Second, we explored how improving genetic models of gene expression in underpowered ancestries can help us challenge or recapitulate results from European TWAS studies. To this end, we investigated TWAS results for white blood cell (WBC) count using Monocyte gene models developed for European, African American, and Hispanic populations; we focus on 4 associations that were consistent across at least two populations: PHTF1, LAMTOR2, PTPN22, and LMNA (Figure 5C, Supplementary Table 18). PHTF1 was not evaluated in African-ancestry TWAS with LASSO because the gene model R2 was not significantly greater than 0. However, MAGEPRO improved this gene expression prediction model and identified a positive association with WBC count, recapitulating findings from the European population (Figure 5C, Supplementary Figure 21). PHTF1 has been associated with other immune-mediated diseases, such as type 1 diabetes in early genetic studies67. Additionally, differential expression analysis has shown that this gene is overexpressed in patients with acute lymphoblastic leukemia68, a condition characterized by the overproduction of immature white blood cells. This indicates that PHTF1 is a plausible candidate for regulating white blood cell count and extreme dysregulation of this gene may be linked to forms of leukemia. Furthermore, leveraging MAGEPRO to improve the genetic model of gene expression for LAMTOR2 by 54% resulted in a new association for individuals of African ancestry, which is consistent with findings from European TWAS (Figure 5C, Supplementary Figure 21).
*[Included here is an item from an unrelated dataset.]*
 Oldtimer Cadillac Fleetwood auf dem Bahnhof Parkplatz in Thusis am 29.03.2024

Previous work shows that experimental knockout of LAMTOR2 results in an expansion of conventional dentritic cells in mice69 and the deficiency of this gene causes immunodeficiency syndromes in humans70,71. The replication across ancestries and the layers of evidence in the literature suggest that LAMTOR2 is another candidate regulator of white blood cell count in humans. PTPN22, a well-known regulator of immune signaling72–76, and LMNA, a major component of the mammalian lamina with important functions in immune cells77, was also identified by TWAS for both African and European ancestries using either LASSO or MAGEPRO models. Our findings demonstrate that applying MAGEPRO to improve genetic models of gene expression in understudied populations can help identify potentially causal disease/trait-associated genes that replicate across different ancestries.
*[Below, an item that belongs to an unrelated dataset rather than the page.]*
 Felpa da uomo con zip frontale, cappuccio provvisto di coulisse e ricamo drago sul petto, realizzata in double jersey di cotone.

Third, we evaluated MAGEPRO’s capacity to identify ancestry-specific gene-trait associations. To achieve this, we analyzed genes with a gene expression prediction R2 significantly greater than 0 in both LASSO and MAGEPRO and used the better-performing model for TWAS. We identified 137 associations in African or Hispanic populations which were not found in European TWAS (Supplementary Table 19). Among these, 13 genes were exclusively identified by MAGEPRO, 5 by LASSO, and 119 by both methods. Notably, MAGEPRO improved the predictive performance of the UBAP2L Monocyte gene model in the African American population, modestly raising the R2 from 0.10 (LASSO) to 0.11. As a result, MAGEPRO detected an association between UBAP2L and neutrophil count (NEU) (z = −6.02), which was not found by any European model across monocyte, LCL and whole blood tissues. Previous experimental studies have demonstrated that UBAP2L plays a crucial role in the regulation of long-term hematopoietic stem cells78, supporting its potential as a candidate regulator of neutrophil counts.
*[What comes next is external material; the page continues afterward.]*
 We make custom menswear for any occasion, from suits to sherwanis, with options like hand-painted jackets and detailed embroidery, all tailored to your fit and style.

Lastly, we sought to use MAGEPRO to identify disease-critical roles specifically for genes that lacked a predictive LASSO model (R2 not significantly positive), and thus could not be previously analyzed by TWAS. In this category, MAGEPRO offered 3,195 new gene models across 7 eQTL cohorts. The cis-genetic effects of these genes were inherently difficult to model due to the low heritability of gene expression (average , lowest quantile in Figure 3D). Nevertheless, MAGEPRO enhanced the average R2 of these models from 0.0047 with LASSO to 0.031 (a 560% increase). Applying these newly modeled genes to TWAS across all 66 traits yielded 981 associations at Bonferroni significance, where a different threshold was determined for each of 7 eQTL cohorts (Figure 6, Supplementary Table 20). Several of these associations recaptiulate existings results from colocalization analysis using European GWAS. For example, European MAGEPRO models identified an association of IRF879 to monocyte count (MON) and RCCD180,81 to red blood cell distribution width (RDW), which are consistent with European colocalization analyses82,83 (Figure 6). Additionally, some of these associations replicate previously reported European TWAS results in an understudied ancestry. For instance, the relationship between FAM234 and mean corpuscular hemoglobin concentration (MCHC) has been established in European TWAS84–86, but to our knowledge has not been reported using genetic associations from individuals of African ancestry until now (Figure 6).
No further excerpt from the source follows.